The "Asian Wing" also has several closed galleries which formerly housed some Japanese and Chinese secondary exhibits [although the World Treasure of the Burning of the Sanjo Palace Scroll included in the Samurai show was displayed in one of them]. These galleries now being used for storage are awaiting $ to renovate them. I suspect that eventually some of this gallery space will be available for Poly and Nesia as well as the other African stuff. My personal favorite is Nailman -- a wooden male figure complete with many nails
 
Tomb .... I'm a bit surprised that the Museum of Science and Yannis Miaoulis wasn't part of the conversation -- Both for the MOS attendance factor and also the breath of both the permanent and traveling exhibits

For example the MOS not the MFA was selected by the organizers to host the Boston visit of the "Dead Sea Scrolls"

I'd even throw in the Children's Museum now Centennially Celebrational
 
I'm not so surprised. I actually think MOS and MFA are very, very different. The MFA blurs it with exhibitions like "Samurai" which (though packed whenever I passed by and undoubtedly popular with families) was not really about "art" per se (of course, we can speak of the aesthetics of anything--even Dead Sea Scrolls--but that doesn't make it about art). I got the impression from the article PaulC linked us to that the conversation was not about museums in general, but about support for "high art" (however you define that).
I'm more surprised (and disappointed) that Lentz and Monroe weren't part of a broader discussion.
 
I'm not so surprised. I actually think MOS and MFA are very, very different. The MFA blurs it with exhibitions like "Samurai" which (though packed whenever I passed by and undoubtedly popular with families) was not really about "art" per se (of course, we can speak of the aesthetics of anything--even Dead Sea Scrolls--but that doesn't make it about art). I got the impression from the article PaulC linked us to that the conversation was not about museums in general, but about support for "high art" (however you define that).
I'm more surprised (and disappointed) that Lentz and Monroe weren't part of a broader discussion.

Tomb at one level the [superficial one ] the two powerhouse eponymous museums MFA & MOS which along with the BSO define Boston's place in the cultural world are worlds apart

However, dig deeper and you see that they are really a continuum

Begin with the natural world the purview fairly exclusively of the MOS [few exceptions at the MFA in the form of scholars rocks and of course the Japanese Garden]

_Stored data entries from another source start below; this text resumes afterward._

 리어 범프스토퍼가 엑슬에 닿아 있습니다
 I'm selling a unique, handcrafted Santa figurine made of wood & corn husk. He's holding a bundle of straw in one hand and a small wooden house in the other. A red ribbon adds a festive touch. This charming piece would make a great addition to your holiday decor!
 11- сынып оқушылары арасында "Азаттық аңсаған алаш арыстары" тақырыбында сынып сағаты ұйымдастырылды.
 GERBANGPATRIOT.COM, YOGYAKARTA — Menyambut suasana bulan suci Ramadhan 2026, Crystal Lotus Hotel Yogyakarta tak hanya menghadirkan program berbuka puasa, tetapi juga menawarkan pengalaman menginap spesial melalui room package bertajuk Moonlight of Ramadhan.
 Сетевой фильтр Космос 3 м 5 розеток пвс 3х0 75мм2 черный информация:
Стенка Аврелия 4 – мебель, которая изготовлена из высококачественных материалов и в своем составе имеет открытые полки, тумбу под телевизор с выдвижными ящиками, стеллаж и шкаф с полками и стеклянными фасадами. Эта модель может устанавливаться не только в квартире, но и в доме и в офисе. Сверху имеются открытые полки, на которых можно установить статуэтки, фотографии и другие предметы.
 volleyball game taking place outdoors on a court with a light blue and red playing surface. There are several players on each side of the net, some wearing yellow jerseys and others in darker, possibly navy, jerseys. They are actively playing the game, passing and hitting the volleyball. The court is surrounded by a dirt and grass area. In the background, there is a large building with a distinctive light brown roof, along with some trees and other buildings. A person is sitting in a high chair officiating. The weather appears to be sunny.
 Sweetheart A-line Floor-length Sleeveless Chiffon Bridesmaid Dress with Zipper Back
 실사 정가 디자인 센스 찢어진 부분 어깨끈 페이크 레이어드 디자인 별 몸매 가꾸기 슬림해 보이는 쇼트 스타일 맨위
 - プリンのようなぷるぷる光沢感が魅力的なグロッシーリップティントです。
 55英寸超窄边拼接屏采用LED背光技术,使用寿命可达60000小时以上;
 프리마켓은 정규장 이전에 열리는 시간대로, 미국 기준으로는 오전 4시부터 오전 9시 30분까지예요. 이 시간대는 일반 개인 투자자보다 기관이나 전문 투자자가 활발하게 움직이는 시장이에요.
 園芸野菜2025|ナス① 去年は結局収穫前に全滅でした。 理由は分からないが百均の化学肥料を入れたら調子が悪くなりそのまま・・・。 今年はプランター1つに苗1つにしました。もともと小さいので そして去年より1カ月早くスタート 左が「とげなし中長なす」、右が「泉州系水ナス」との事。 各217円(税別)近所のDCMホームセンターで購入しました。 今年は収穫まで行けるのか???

Move to the study of the past great civilizations and their creations -- this is centered in the MFA with a few MOS contributions such as the dioramas of the building of the pyramids and the occasional traveling exhibits devoted to such: [Pompeii, Ramses, Ancient Chinese, Egyptian Funerary Practice and the Book of the Dead, Dead Sea Scrolls & ""Leonardo da Vinci: Scientist, Inventor, Artist" during the summer of 1997. The Museum was the only scheduled site for this exhibition in the United States, between its 1996 stay in Vienna and its next stop in Singapore. "] to name a few in the past decade or so.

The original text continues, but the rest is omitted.